TheVoiceOfJoyce Publishing companies are naively blocking punishment of Julian Assange based on his original investigative reporting. However, when Wikileaks and Julian Assange, worked cooperatively with the Russian Internet Agency and Donald Trumps campaign to make private emails and data gained illegally by The Russian Internet Agency, they crossed a red line. Wikileaks was essentially aiding a crime. The Russian Internet Agency, infiltrated the RNC and the DNC and exposed sensitive polling data. The Russian Internet Agency stole data from Hillary Clinton and released 30,000 of her emails for use in conspiracy ads and for use by the Trump Campaign Team. Would you want someone, or entity or foreign entity to gain access to your personal data and use it against you? Is this any different from entering the DNC and stealing their papers for your campaign’s use and strategy. One set of data is on paper and the other data resides on the internet. What’s the difference?

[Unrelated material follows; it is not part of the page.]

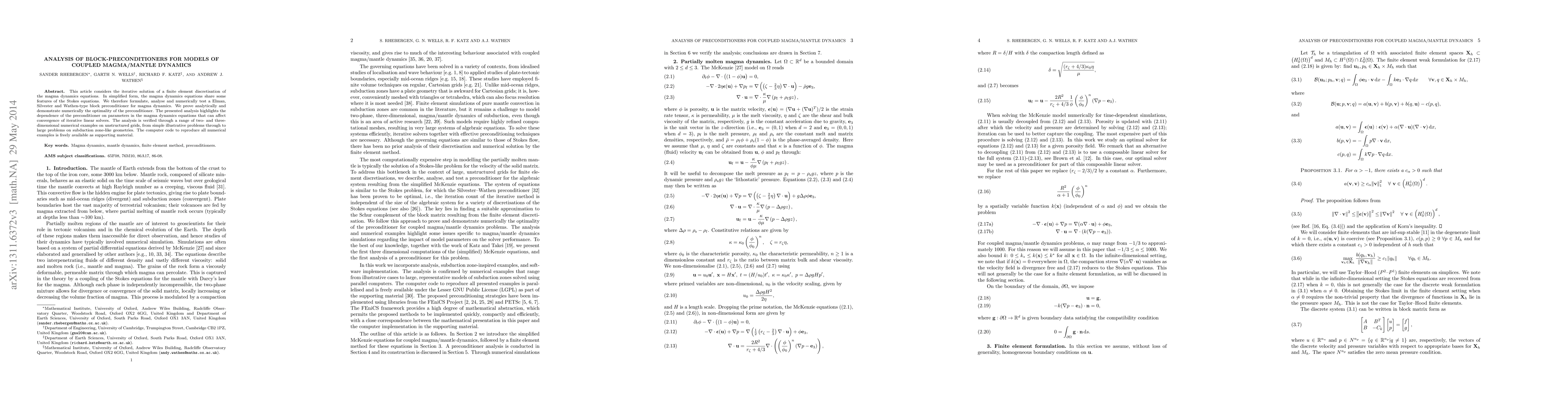 This article considers the iterative solution of a finite element discretisation of the magma dynamics equations. In simplified form, the magma dynamics equations share some features of the Stokes equations. We therefore formulate, analyse and numerically test a Elman, Silvester and Wathen-type block preconditioner for magma dynamics. We prove analytically and demonstrate numerically the optimality of the preconditioner. The presented analysis highlights the dependence of the preconditioner on parameters in the magma dynamics equations that can affect convergence of iterative linear solvers. The analysis is verified through a range of two- and three-dimensional numerical examples on unstructured grids, from simple illustrative problems through to large problems on subduction zone-like geometries. The computer code to reproduce all numerical examples is freely available as supporting material.
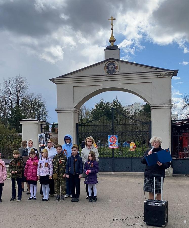 Праздничную часть продолжило выступление учеников Воскресной школы при храме и участников ансамбля «Веретёнце» под руководством Светланы Петровны Кузнецовой, которые подготовили стихи и песни о войне и о Победе.

The Obama-Biden administration, in office during the WikiLeaks publication in 2010, refrained from indicting Assange, explaining that they would have had to indict journalists from major news outlets too. Their position placed a premium on press freedom, despite its uncomfortable consequences. Under Donald Trump however, the position changed. The DoJ relied on an old law, the Espionage Act of 1917 (designed to prosecute potential spies during world war one), which has never been used to prosecute a publisher or broadcaster.

This indictment sets a dangerous precedent, and threatens to undermine America’s first amendment and the freedom of the press.

Obtaining and disclosing sensitive information when necessary in the public interest is a core part of the daily work of journalists. If that work is criminalised, our public discourse and our democracies are made significantly weaker.